Kravitz disse que o que a atraiu no papel de Bonnie –que, no romance de Liane Moriarty que inspirou a série, é branca– foi a oportunidade de trabalhar com o diretor Jean-Marc Vallée e com um “elenco dos sonhos”: Witherspoon, Nicole Kidman, Laura Dern e Shailene Woodley; com Woodley, ela trabalhou em três filmes da série “Divergente”, e as duas praticamente cresceram juntas.

Ao ler o roteiro pela primeira vez, Kravitz disse que “me pareceu muito necessário, e ter muito frescor, como se o papel estivesse ocupando um vazio criativo que eu nem sabia ter”.

Ela diz que não se incomodou por a série jamais reconhecer que Bonnie era a única pessoa não branca no ambiente em geral monocromático do norte da Califórnia que serve de cenário a “Big Little Lies”.

“Na primeira temporada, havia algo de realmente refrescante em não fazer disso parte da narrativa”, ela disse. “È frustrante quando pessoas não brancas só podem interpretar um personagem escrito como membro de uma minoria.

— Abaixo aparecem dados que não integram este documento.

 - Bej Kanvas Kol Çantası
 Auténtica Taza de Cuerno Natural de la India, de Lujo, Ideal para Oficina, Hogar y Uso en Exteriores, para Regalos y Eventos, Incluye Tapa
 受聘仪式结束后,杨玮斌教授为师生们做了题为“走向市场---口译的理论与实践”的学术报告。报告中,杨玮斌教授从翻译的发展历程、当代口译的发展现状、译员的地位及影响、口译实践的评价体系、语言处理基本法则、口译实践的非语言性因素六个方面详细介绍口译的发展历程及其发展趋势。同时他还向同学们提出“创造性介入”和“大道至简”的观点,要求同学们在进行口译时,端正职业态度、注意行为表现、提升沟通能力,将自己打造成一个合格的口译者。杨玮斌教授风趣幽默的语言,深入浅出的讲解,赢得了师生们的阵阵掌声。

Por isso é refrescante quando as coisas não são assim. Mas ao mesmo tempo é complicado, porque você não quer ignorar o fato. Parte de nossa responsabilidade, como contadores de histórias, é contar a verdade”

Ela disse que trouxe ideias pessoais para o papel de Bonnie, maneiras que lhe pareciam reais de explorar a posição da personagem no mundo da série. “Propus coisas, e as pessoas não curtiram, o que não é problema”, ela disse. “Não é como se não tivesse coisa alguma a fazer. Acontece muita coisa na vida de Bonnie, além de ela ser parte de uma minoria. Mas os detalhes que propus, a profundidade que eles propiciariam, teriam sido uma delícia”.

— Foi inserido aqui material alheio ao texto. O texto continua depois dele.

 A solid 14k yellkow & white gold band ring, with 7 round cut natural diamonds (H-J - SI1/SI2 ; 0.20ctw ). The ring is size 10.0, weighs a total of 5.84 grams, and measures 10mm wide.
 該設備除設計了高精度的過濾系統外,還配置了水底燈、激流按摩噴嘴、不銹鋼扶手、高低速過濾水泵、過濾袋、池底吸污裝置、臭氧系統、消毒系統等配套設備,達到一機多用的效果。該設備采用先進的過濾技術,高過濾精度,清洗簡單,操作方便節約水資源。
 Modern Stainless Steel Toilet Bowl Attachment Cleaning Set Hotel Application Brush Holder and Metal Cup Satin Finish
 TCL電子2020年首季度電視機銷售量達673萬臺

Kravitz nasceu em 1988, quando sua mãe era mais conhecida como Denise Huxtable, aluna do Hillman College em “A Differente World”, série derivada de “Cosby Show”, e seu pai era um músico que ainda batalhava pelo sucesso sob o pseudônimo Romeo Blue. Seus pais se separaram em 1995, quando Kravitz tinha quatro anos. No ano seguinte, Bonet e a filha se instalaram em uma área relativamente isolada do Topanga Canyon, em um terreno de dois hectares.

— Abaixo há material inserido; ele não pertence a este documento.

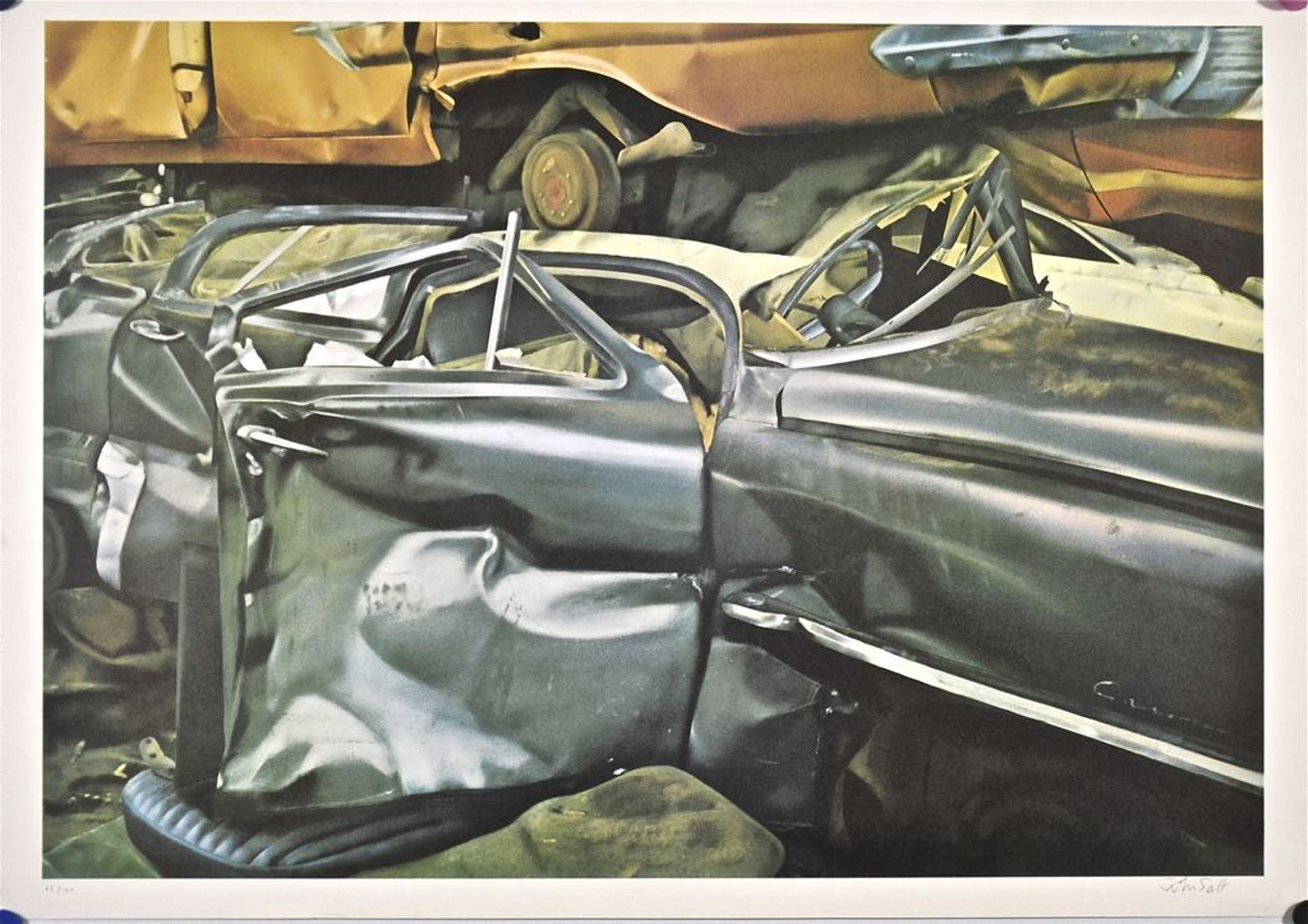 Zeer mooie offset litho van John Salt. Het werk van Salt is onmiskenbaar te plaatsen binnen de fotorealistische stroming. Vaak worden er verwoeste of verlaten auto’s afgebeeld in zijn schilderijen. Zo ook op dit zeer kenmerkende werk.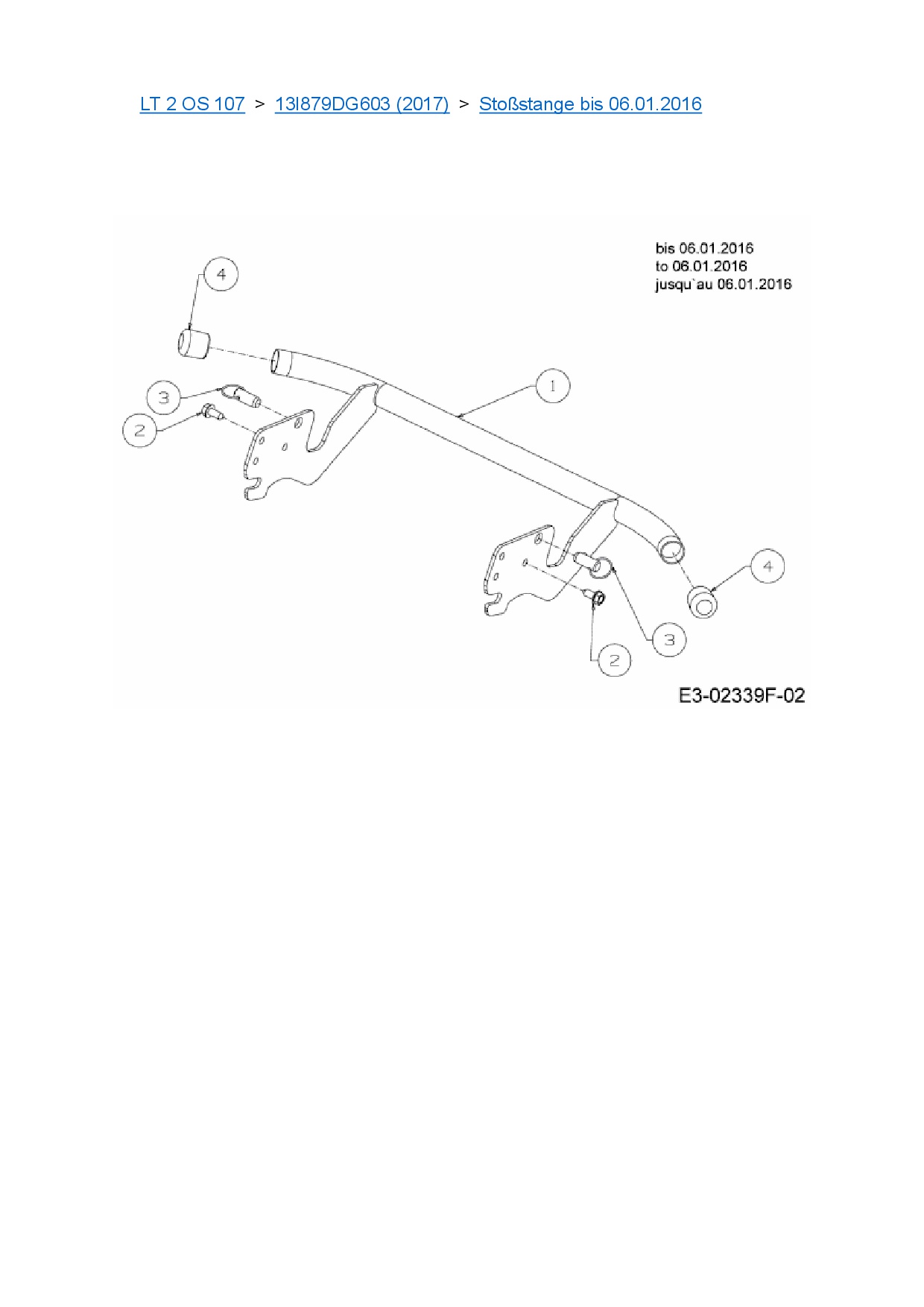 Ersatzteile für Rasentraktor Cub Cadet LT 2 OS 107 aus der Zeichnung Stoßstange bis 06.01.2016:

Bonet ganhou fama como a segunda filha do casal Cliff e Claire Huxtable, mas logo perdeu o emprego em “Cosby Show” –teve divergências criativas com Bill Cosby, a primeira das quais girava em torno de ele ter se recusado a incluir a gravidez de Bonet na série, quando ela estava esperando Zoe. Em entrevista, Bonet disse que se mudar para as montanhas foi, pelo menos em parte, “uma retirada de um mundo para o qual eu estava provavelmente despreparada, na idade que tinha então”.

Ela também queria criar uma conexão entre sua filha e a natureza, e alimentar sua imaginação. Ela foi uma mãe que limitou o tempo de sua filha diante da TV em uma época em que isso ainda não era comum. Elas tinham um videocassete e uma coleção de vídeos – em geral coisas da infância de Bonet. “The Little Rascals”. O “Sexta-Feira Muito Louca” original, com Jodie Foster. “Bugsy Malone – Quando as Metralhadoras Cospem”, um musical sobre gângsteres da era da Lei Seca, com um elenco formado por crianças. “Esse era muito importante para mim”, disse Kravitz.

Kravitz sempre quis atuar, disse Bonet. Ela recorda a noite do funeral de sua mãe, quanto Kravitz cantou para os familiares reunidos na casa de Topanga Canyon a canção “The Boy is Mine”, de Brandy and Monica.

“Zoe colocou um terno –e acho que um bigode e óculos– e entrou na sala, enchendo todo mundo de alegria”, disse Bonet. “Ninguém lhe disse o que fazer –era algo puro, vinha de sua imaginação, e a intenção era animar as pessoas que estavam naquela sala”.

Kravitz tinha cerca de nove anos quando isso aconteceu. Aos 11, ela se mudou para Miami para viver com o pai, que havia abandonado há muito tempo o pseudônimo Romeo Blue e se tornado um dos maiores astros do rock da era. Há versões diferentes sobre a mudança de Zoe para Miami, a depender de quem narra a história.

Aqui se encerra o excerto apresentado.